To identify a potential mechanism for HMGB3-specific silencing-mediated reduction of cell proliferation, cell cycle distribution was assessed using flow cytometry. The analysis showed that the percentage of cells in G0/G1 phase increased significantly (P = 0.001), whereas cells in the G2/M phases decreased in BGC823/HMGB3 RNAi cells compared with their parental controls. The percentage of cells in G1/G0 phase in BGC823 cells with shRNA-NC and with shRNA-HMGB3 was 46.84% ± 1.7% and 73.03% ± 3.51% respectively, whereas the percentage of cells in G2/M was 26.51% ± 0.83% and 17.8% ± 2.26%. These data suggest that HMGB3 silencing may induce G0/G1 cell arrest (Figures 4 and 5).
Results above showed that high expression of HMGB3 in gastric cancer positively correlated with extensive wall penetration, positive lymph node metastasis, advanced tumor stage, and poor prognosis. Multivariable Cox regression indicated that this protein overexpression can be used as an independent biomarker in prognosis of gastric cancer. It implies that HMGB3 might participate in gastric cancer onset and development. Further silencing of HMGB3 expression in the gastric cancer cell line by shRNA showed that cell proliferation decreased and the cell cycle was blocked in G0/G1 phase. These results indicate that HMGB3 had a role in the proliferation and cell cycle of gastric cancer cells.
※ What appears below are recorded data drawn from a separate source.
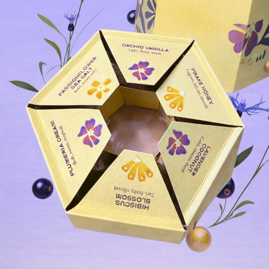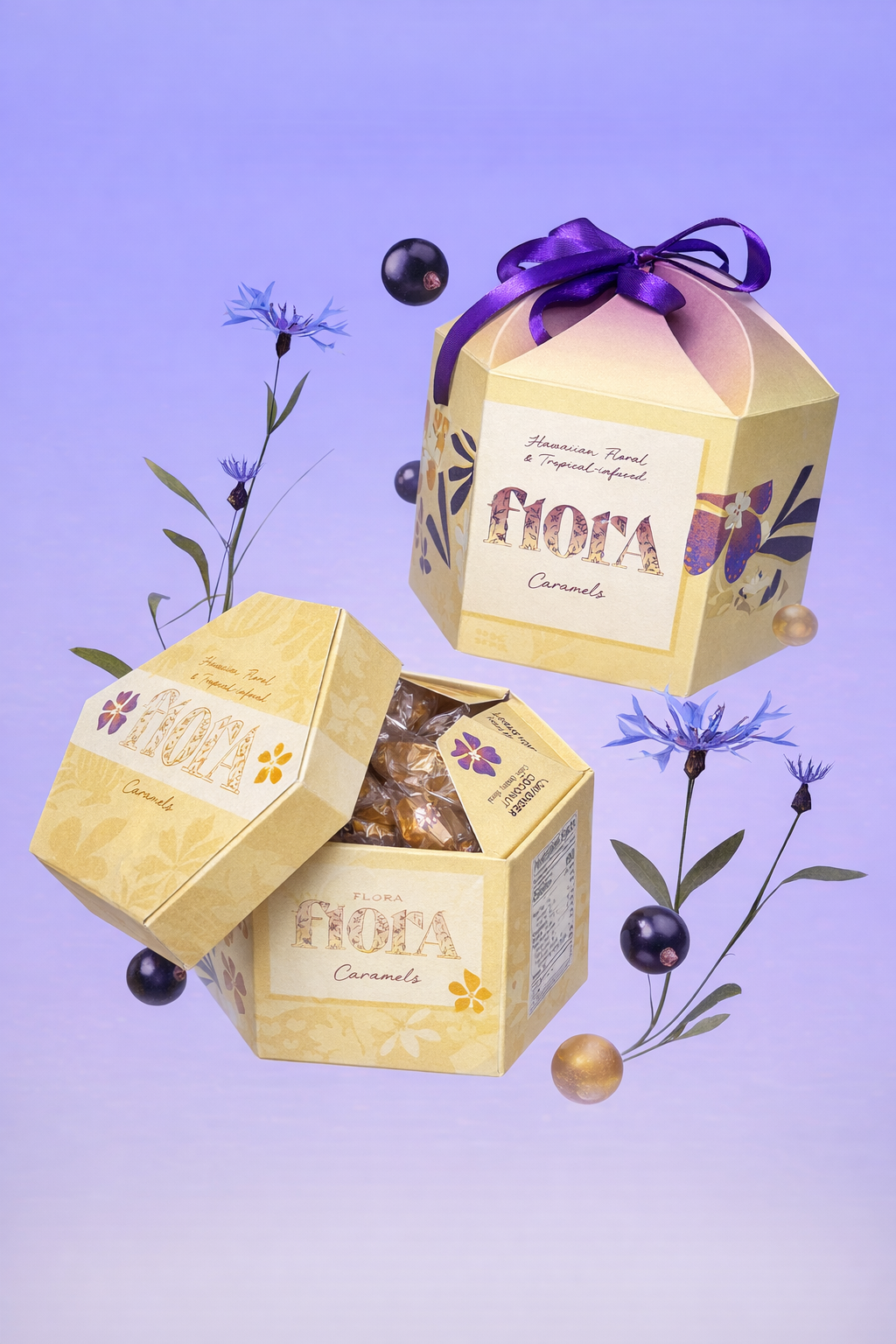 A Hawaiian-themed caramel confection candy packaging design that combines rich, indulgent tones with tropical-inspired visuals to create a warm, vibrant brand experience that feels both artisanal and transportive. The design incorporates a bold purple and yellow color palette paired with floral motifs to evoke island energy while maintaining a refined, modern aesthetic. Thoughtful typography and composition balance playfulness with sophistication, allowing the brand to stand out while still feeling cohesive and elevated.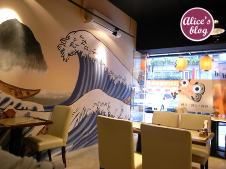 彤料理的店面是跟昇壽司分租的,空間不大但布置得很簡單、寬敞,牆壁上的畫作也很有特色,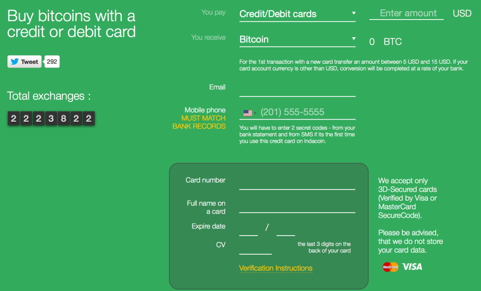 Indacoin Exchange found a safe and secure way to simplify and speed up the process by requesting a code from online bank statement and a text message It usually takes no more than 30 minutes to verify the card and receive bitcoins.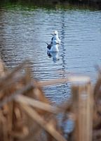 Zwemmende meeuwen, gezien vanachter riet. Zuiderpark, Den Haag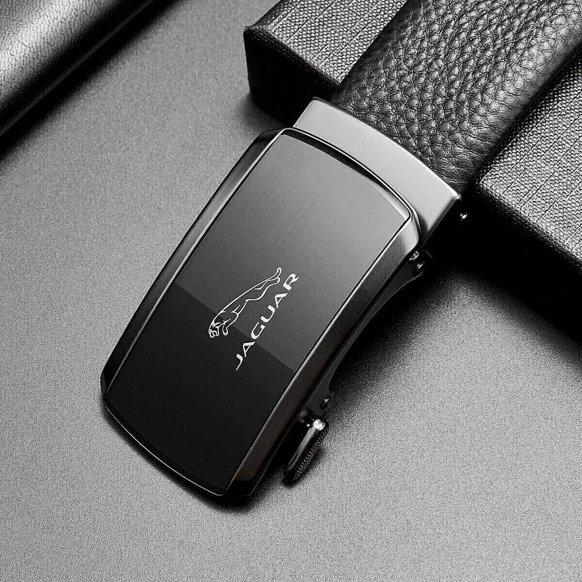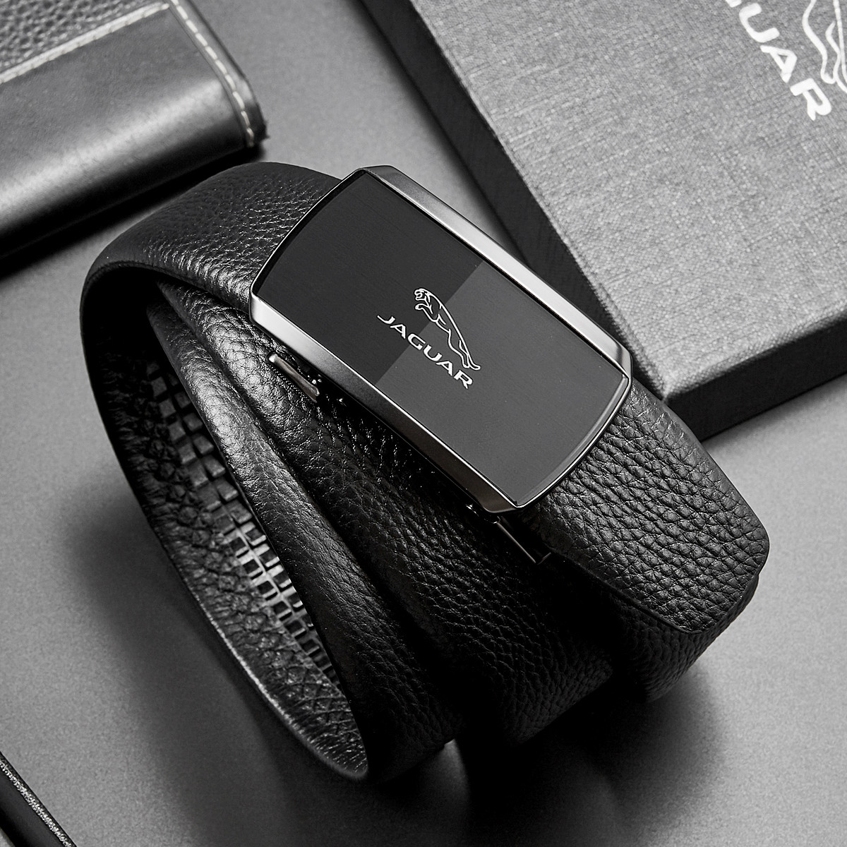 JAGUAR Кожаный мужской ремень черный, Black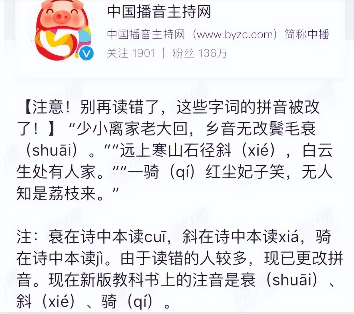 中國(guó)播音主持網(wǎng)就科普了很多被修訂的讀音
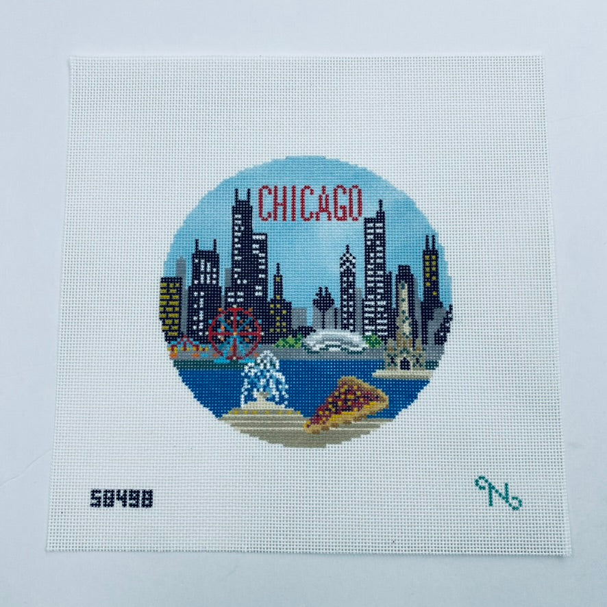 Chicago Needlepoint Travel Round Canvas

The onset and progression of gastric cancer correlated with various molecular and genetic incidents. To investigate the significance of the molecular expression in gastric cancer may help us to identify potential treatment targets and (or) predictive markers of prognosis.
The HMG Box subfamily is a family of non-histone chromosomal proteins; these members including HMGB1, HMGB2 and HMGB3[2]. HMGB family is thought to play a fundamental role in DNA replication, nucleosome assembly and transcription. There are studies overwhelmingly focusing on HMGB1, since it is widely expressed in all kinds of cell types in adult vertebrates. HMGB1 has been shown to interact with recombination activating gene 1 (RAG1) and RAG2 to play a role in immunology and inflammation, and is associated with proliferation and metastasis of many tumor types[11,12]. However, little is known about the function of HMGB3.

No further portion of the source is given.